We have seen that the buying and selling of online ads has undergone dramatic changes in the past 18-24 months that put data at the center of buying and selling decisions. With real-time bidding exchanges and similar technologies, an advertiser can decide at the point of impression whether or not it’s valuable. Likewise, a publisher can make available information about that impression and help the advertiser make a decision.
In the macro sense, you have a $109 billion online ad market in which data is going to be the primary driver of efficiency. That’s where we see this fitting. We want to make our advertisers and publishers smarter. Demdex -and this is one of the exciting things about the company versus some of the other solutions out there – it doesn’t take a proprietary position on data, it does not have proprietary data, it’s not a data exchange. Demdex simply enables advertisers and publishers to augment their own data with third-party data and then we give them the tools to decide which third-party data is best.
So, we’re helping to enable and accelerate this market for third-party data providers. But, we’re making both advertisers and publishers very smart about what data is going to work – that fits into our philosophy. Demdex customers own their data, they’ll strike their own deals with third-party data providers. We just give them the infrastructure to manage it.
Do you see Demdex addressing the publisher’s need to sell guaranteed or so-called premium inventory? Or is this more about unlocking non-guaranteed inventory?
It’s about both. If you look at some of the RFP’s that we’ve seen from publishers where advertisers are saying to publishers, “I no longer want run-of-site or just the home page. I want males 18-24.” A publisher has to have the ability to deliver that type of audience and Demdex puts those tools in the hands of the publisher.
A year from now, what do you hope some of the outcomes of the acquisition today?

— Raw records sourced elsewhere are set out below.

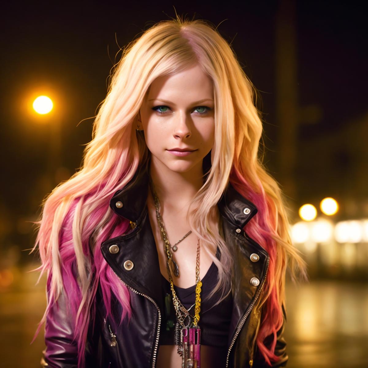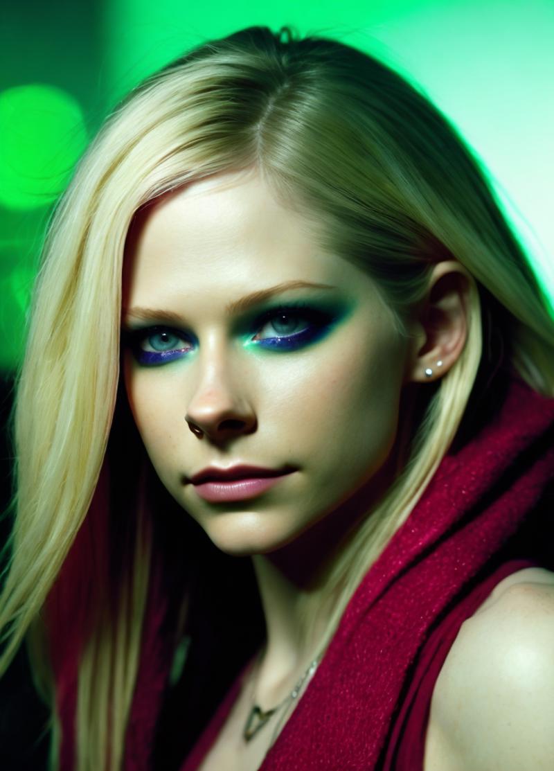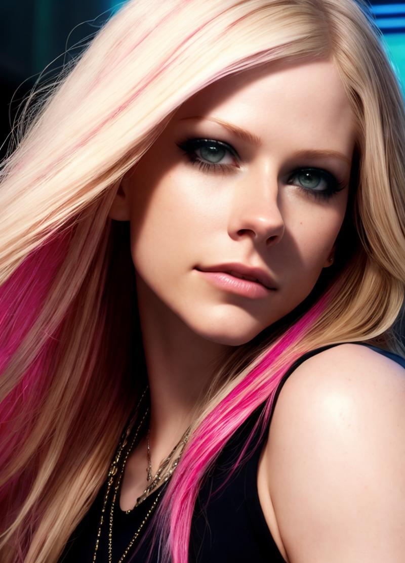 Textual Inversion embedding trained on 28 images of Canadian singer Avril Lavigne, from various professional photoshoots and stage appearances.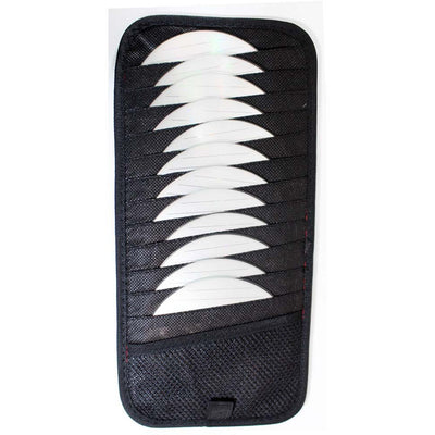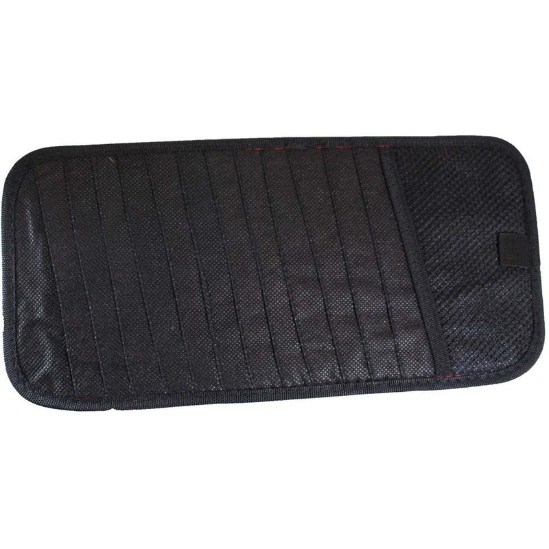 This Handy CD Holder Fits Right On The Back Of Your Car's Sun Visor, And Fastens With Hook And Loop Strap To Hold It Firmly In Place. It Wll Hold 12 Cd's Safely. There Is Also An Additional Pocket in The Front Which Is About 2.75 Inches Tall and 5.5 Inches Wide - Great For Storing Small Things As Well. The Fabric Is Soft And Will Not Cause Any Damage To Your Cd's. Great For Everyday Driving, But Also Perfect For Longer Road Trips. You Can Listen To Your Own Cd's When You Travel Out Of Range Of The Local Radio Stations.* Measures a rectangular 13-inches x 6-1/8-inches - sleek and compact design to store your CDs * Available only in the black color - a neutral color which will look good in your car * Holds 12 CDs + has a front sliding container which can hold notepads, sticky notes, erasers, etc! * Soft, non-scratching black quality fabric - you movies and music will stay protected! * Attaches to your visor with two elastic straps located in the back - easy slip on!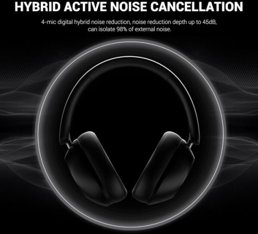 Оснащена вбудованими мікрофонами з технологією активного шумопоглинання ANC, гарнітура ефективно ізолює понад 98% зовнішнього шуму, дозволяючи зосередитися на розмові або улюбленому контенті навіть у галасливому середовищі. Голос передається чітко та природно без сторонніх перешкод.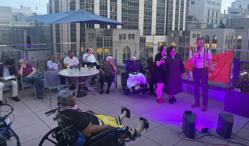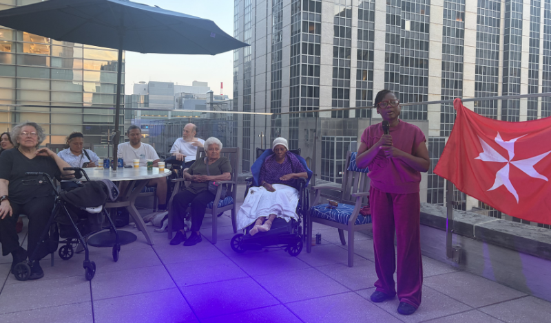 Late Knight Karaoke moved the party to the rooftop patio of Mary Manning Walsh Nursing Home (MMW) on Tuesday, April 14. This monthly activity sent brings together Knights, Dames, Auxiliary and Volunteers with patients and staff of Mary Manning Walsh for a lively night of fun and socialization. Many residents of MMW frequently long for the company and friendship that members of our Order bring. And for those residents who do receive visitors, it is a wonderful way for families to spend time together in a social setting outside of their specific patient room.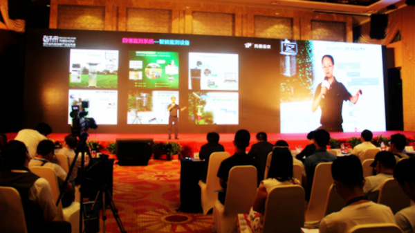 托普云農(nóng)副總經(jīng)理朱旭華在“創(chuàng)未來”軟件及科技創(chuàng)新產(chǎn)品發(fā)布會(huì)上介紹農(nóng)業(yè)四情監(jiān)測系統(tǒng)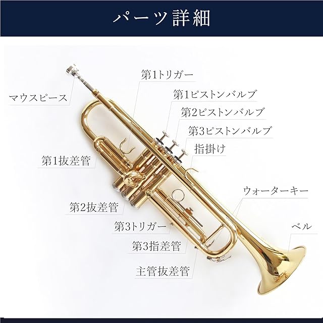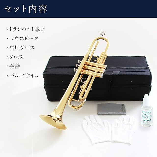 セット内容:トランペット、専用ケース、マウスピース、クロス、手袋、バルブオイル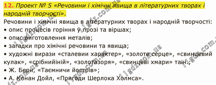 Проект № 5 «Речовини і хімічні явища в літературних творах і народній творчості». Речовини і хімічні явища в літературних творах і народній творчості: • опис процесів горіння у прозі та віршах; • опис виготовлення металів; • загадки про хімічні речовини та явища; • художні вирази «сталевии характер», «золоте серце», «свинцевий кулак», «срібнийіній», «золотазоря», «свинцеві хмари» таін.; • Ж. Берн, «Таємничи йострів»; • А. Конан Дойл, «Пригоди Шерлока Холмса».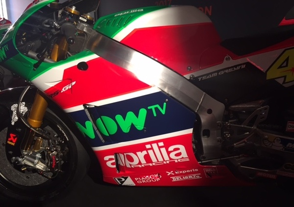 La nuova livrea tricolore della RS-GP 2017, disegnata da Aldo Drudi, è un omaggio all'orgoglio tutto italiano come ha fieramente sottolineato Roberto Colaninno (presidente e amministratore del Gruppo Piaggio).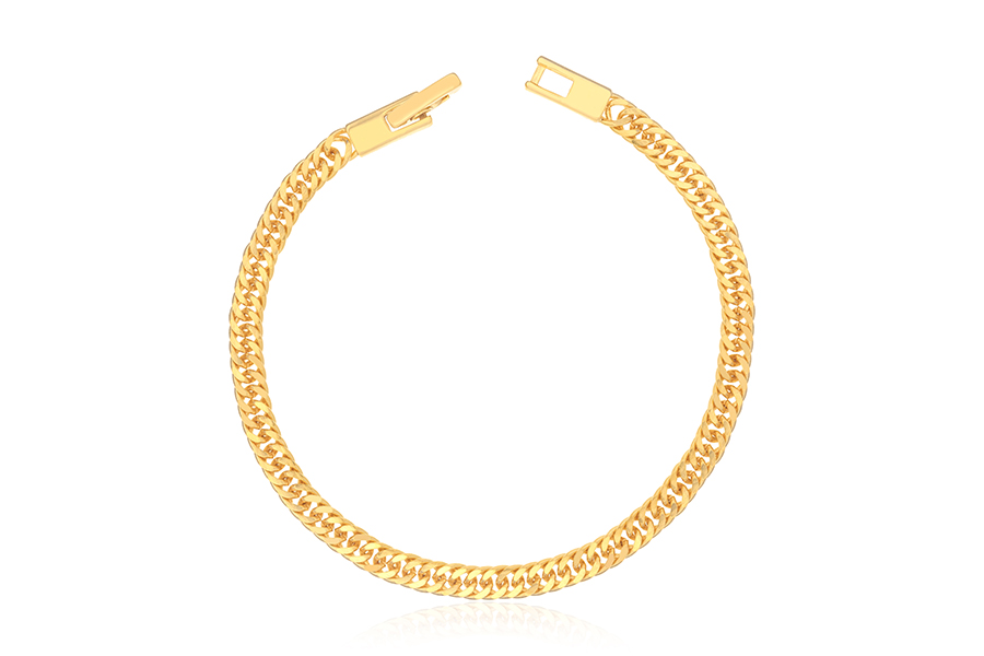 PULSEIRA BANHADA EM OURO, CORRENTE ELO CORDA 3mm ESPESSURA, 17cm COMPRIMENTO, EXTENSOR 5cm COMPRIMENTO E PESO 5,30g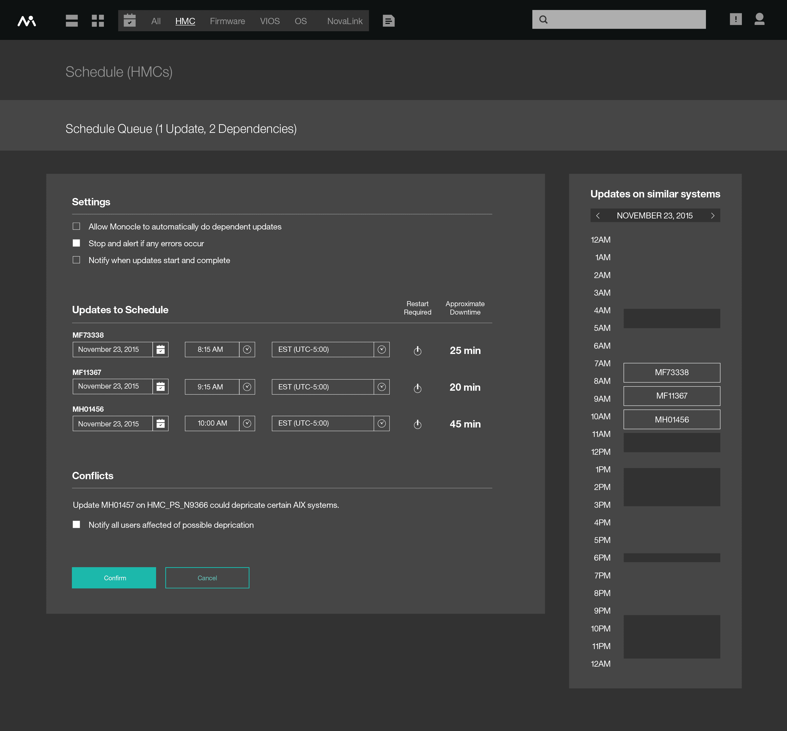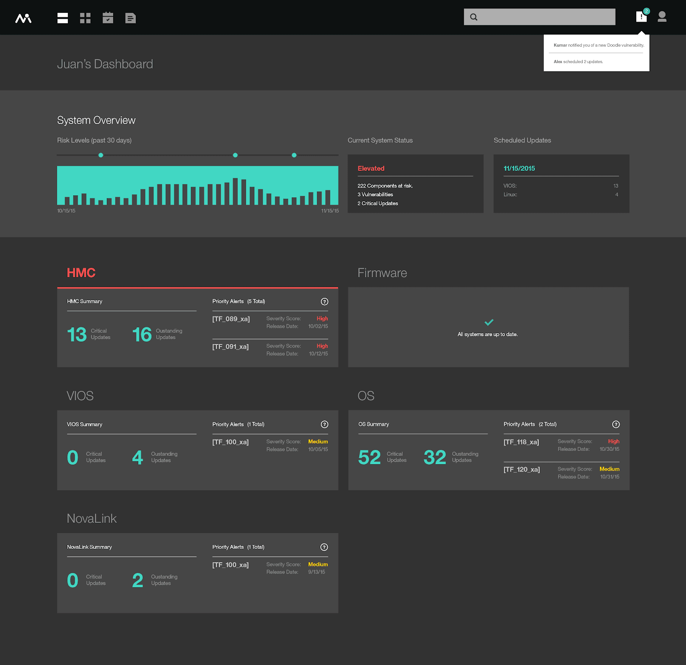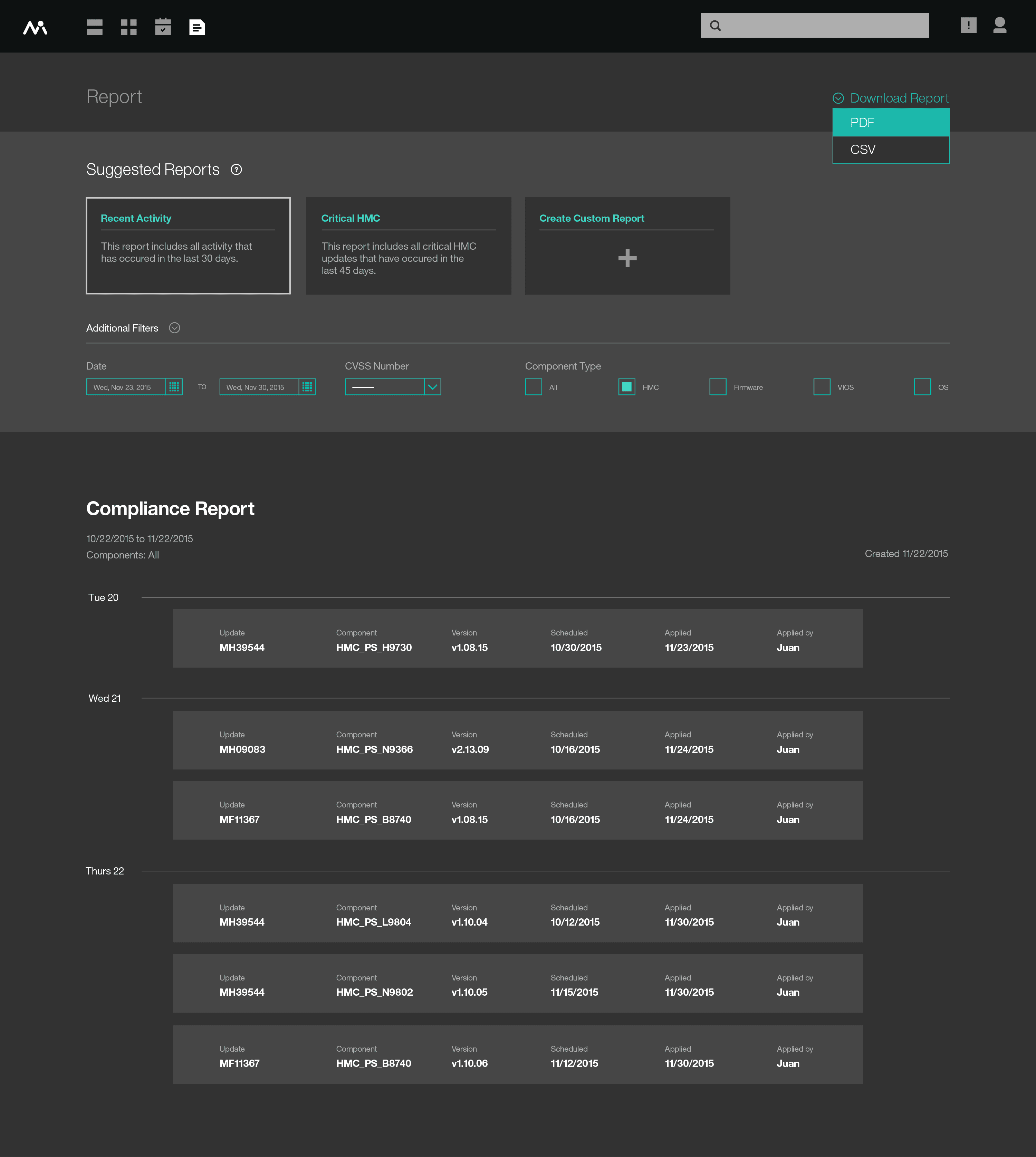 We reframed the product around three principles that came directly from the research. Every screen had to answer "what do I need to do right now?" The system administrator patching servers and the IT manager proving compliance had different needs, so the product had to serve both without forcing either into the other's workflow. And administrators managed hundreds of endpoints across multiple component types, so the product couldn't require them to update one machine at a time.
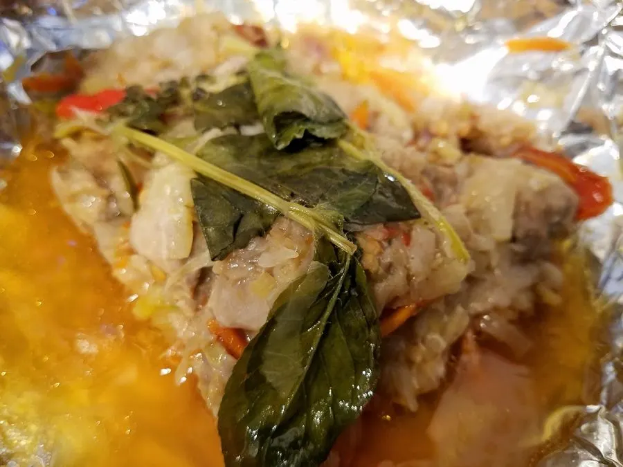 3. ตักใส่ชามเติมน้ำปลาร้า น้ำปลา ซอส เครื่องปรุง ใบมะกรูด ชิมๆ ใส่กระดาษฟอยส์ โรยด้วยใบแมงลัก พริกสด แล้วก็นำไปนึ่งคะ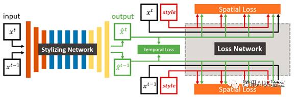 Gatys等人工作虽然取得了非常好的效果,但是缺点是基于优化,非常耗时;到2016 ECCV时,Johnson等人[3]提出了使用深度前向神经网络替代优化过程,实现了实时的图像风格迁移,修图工具Prisma随之风靡一时。但直接将图像风格迁移的方法应用到视频上,却会使得原本连贯的视频内容在不同帧中转化为不一致的风格,造成视频的闪烁跳动,严重影响观感体验。为了解决闪烁问题,Ruder等人[4]加入了对时域一致性的考虑,提出了一种基于优化的视频艺术滤镜方法,但速度极慢远远达不到实时。

Our hope is that publishers feel more in control. I think publishers today feel short-changed with all of the technology development that has gone on on the buy-side. The publishers have been kind of left out. This acquisition brings power to the publishers by enabling them to monetize their audience, their data and take back some of the value they have been giving up to other people in this chain. I would love to see all of our big publishers adopting this solution to take control of their data.
How does Adobe Omniture bring all the Online Marketing Suite products together for clients? It seems that this is becoming an increasingly consultative and complex sale and that, in some ways, the service layer you might be building might resemble an agency. What do you think?
The need for services around these solutions are absolutely critical – especially in the early stages. We want to work with our big publishers and partners who will help us define how this will all come together. We have a rich ecosystem of agencies and partners that we work with – those agencies, we need to push them very hard to get them trained on this so they can leverage this technology with their customers directly. We are all about pushing best practices and playbooks to our agency partners so they can deliver the services. Agencies play a critical part in ad buying and selling and we have to empower them and help the customer get smarter. As the solution comes together more, then it becomes available to more people downstream. We saw this when we purchased Offermatica – people made similar claims that it’s hard, takes a lot of service. But that product has had a lot of development to make it simpler. Demdex will follow the same track.
Is Adobe/Omniture done acquiring? Would their be interest in future components such as a demand-side platform that helps publishers or advertisers buy?
We think the Online Marketing Suite is far from complete. The senior teams at Adobe and the Omniture business unit agree with that. We have a lot of work to do organically abut also “inorganically.” It’s very likely you’ll see future acquisitions from Adobe that helps us round out the suite. This market is growing quarter-to-quarter and always changing. Future acquisitions are absolutely possible but I don’t know which areas they’ll come in.